:: Given information ::
=== Begin Enclosure ===

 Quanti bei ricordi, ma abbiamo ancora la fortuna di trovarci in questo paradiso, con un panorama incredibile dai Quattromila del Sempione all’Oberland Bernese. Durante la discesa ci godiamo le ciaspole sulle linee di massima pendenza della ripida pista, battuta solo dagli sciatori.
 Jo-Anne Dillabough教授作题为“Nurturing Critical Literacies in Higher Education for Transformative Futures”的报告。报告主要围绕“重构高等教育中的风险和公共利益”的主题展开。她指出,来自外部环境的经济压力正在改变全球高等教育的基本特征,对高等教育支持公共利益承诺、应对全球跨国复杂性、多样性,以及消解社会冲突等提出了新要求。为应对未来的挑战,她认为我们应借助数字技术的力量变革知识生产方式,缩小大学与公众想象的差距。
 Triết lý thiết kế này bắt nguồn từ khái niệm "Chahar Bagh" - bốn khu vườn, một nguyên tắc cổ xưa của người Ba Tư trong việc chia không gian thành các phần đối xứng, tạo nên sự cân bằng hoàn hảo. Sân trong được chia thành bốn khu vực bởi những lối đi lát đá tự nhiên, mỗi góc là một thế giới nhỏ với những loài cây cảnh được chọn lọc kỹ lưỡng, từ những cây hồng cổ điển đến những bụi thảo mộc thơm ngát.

=== End Enclosure ===
=== Begin Enclosure ===

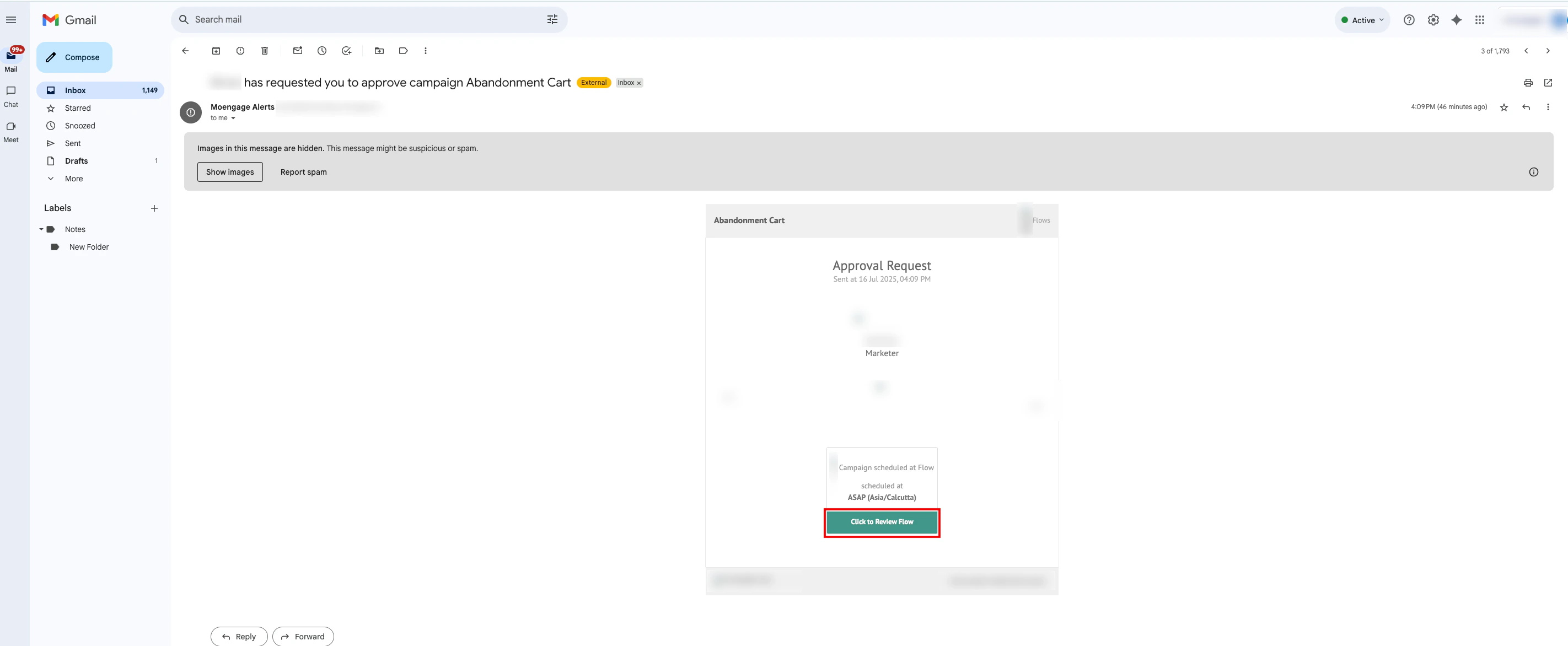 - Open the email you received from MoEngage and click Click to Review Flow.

=== End Enclosure ===
=== Begin Enclosure ===

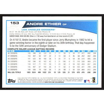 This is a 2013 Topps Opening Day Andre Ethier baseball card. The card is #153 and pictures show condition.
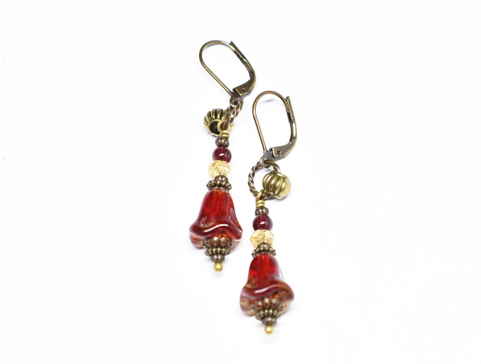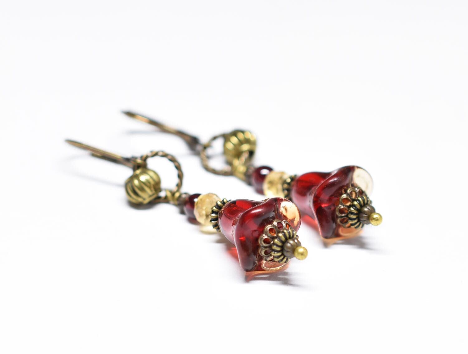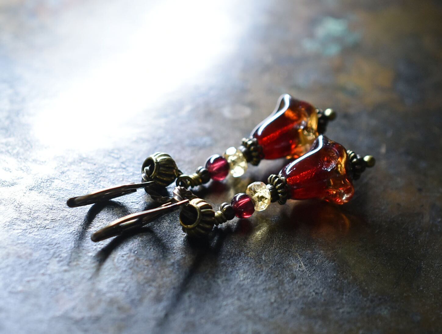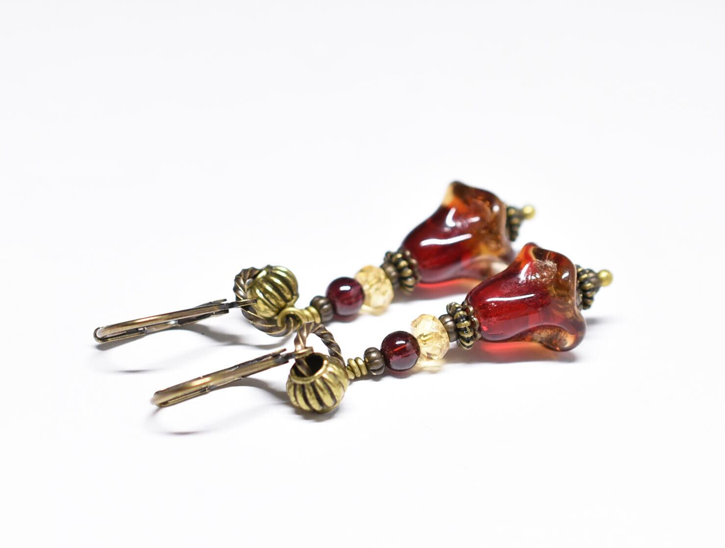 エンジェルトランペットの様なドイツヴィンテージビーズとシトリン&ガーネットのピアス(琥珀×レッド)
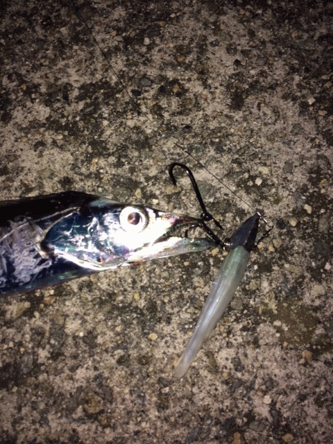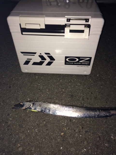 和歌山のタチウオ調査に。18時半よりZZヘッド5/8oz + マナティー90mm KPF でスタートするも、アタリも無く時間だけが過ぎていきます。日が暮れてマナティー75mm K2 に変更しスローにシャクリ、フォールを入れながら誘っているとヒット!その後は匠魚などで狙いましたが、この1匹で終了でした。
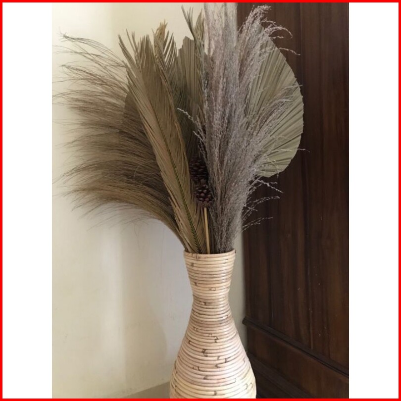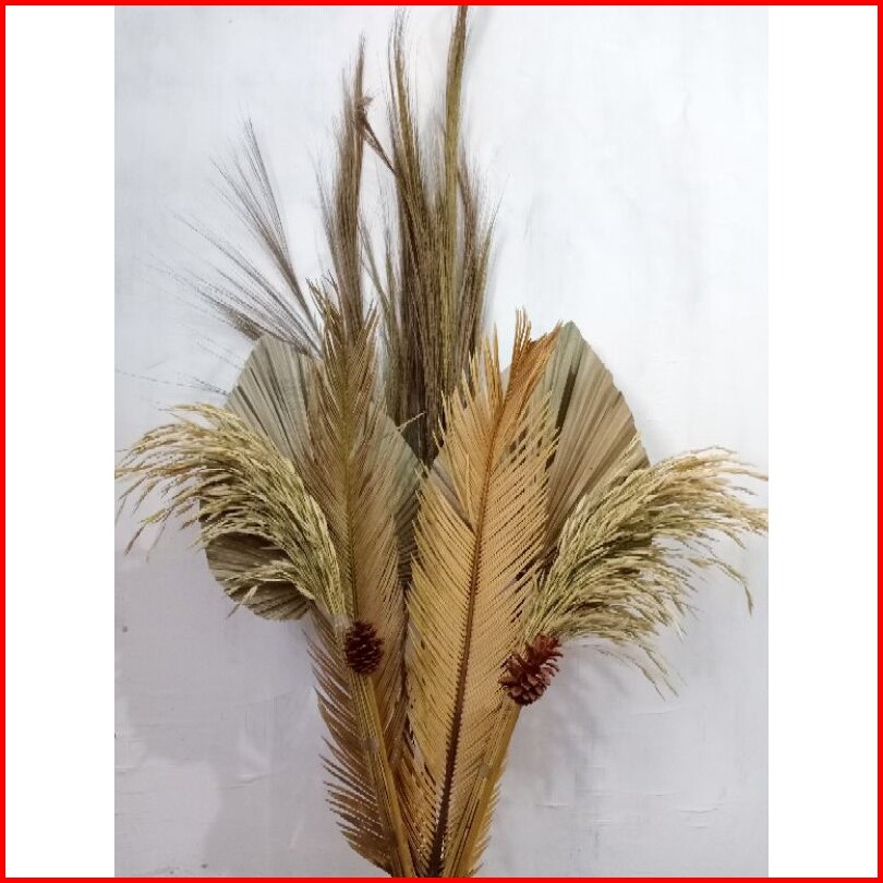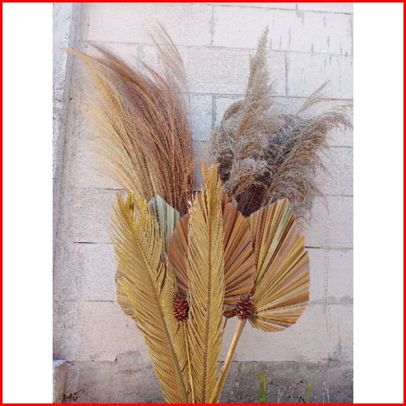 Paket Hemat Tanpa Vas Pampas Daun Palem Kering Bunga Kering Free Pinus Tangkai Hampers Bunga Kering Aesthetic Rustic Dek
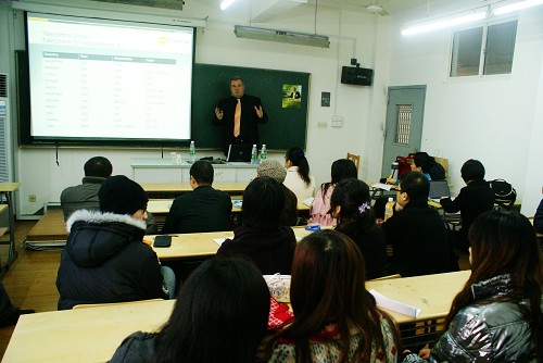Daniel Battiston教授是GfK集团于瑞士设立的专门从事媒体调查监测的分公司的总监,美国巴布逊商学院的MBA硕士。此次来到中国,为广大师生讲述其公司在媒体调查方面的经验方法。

=== End Enclosure ===

:: Work instruction ::
Taking the entries above, restate exactly those lines that fall between the line with "Critical Literacies in" and the line with "Triết lý thiết", keeping both of those lines too.

:: Task answer ::
 Jo-Anne Dillabough教授作题为“Nurturing Critical Literacies in Higher Education for Transformative Futures”的报告。报告主要围绕“重构高等教育中的风险和公共利益”的主题展开。她指出,来自外部环境的经济压力正在改变全球高等教育的基本特征,对高等教育支持公共利益承诺、应对全球跨国复杂性、多样性,以及消解社会冲突等提出了新要求。为应对未来的挑战,她认为我们应借助数字技术的力量变革知识生产方式,缩小大学与公众想象的差距。
 Triết lý thiết kế này bắt nguồn từ khái niệm "Chahar Bagh" - bốn khu vườn, một nguyên tắc cổ xưa của người Ba Tư trong việc chia không gian thành các phần đối xứng, tạo nên sự cân bằng hoàn hảo. Sân trong được chia thành bốn khu vực bởi những lối đi lát đá tự nhiên, mỗi góc là một thế giới nhỏ với những loài cây cảnh được chọn lọc kỹ lưỡng, từ những cây hồng cổ điển đến những bụi thảo mộc thơm ngát.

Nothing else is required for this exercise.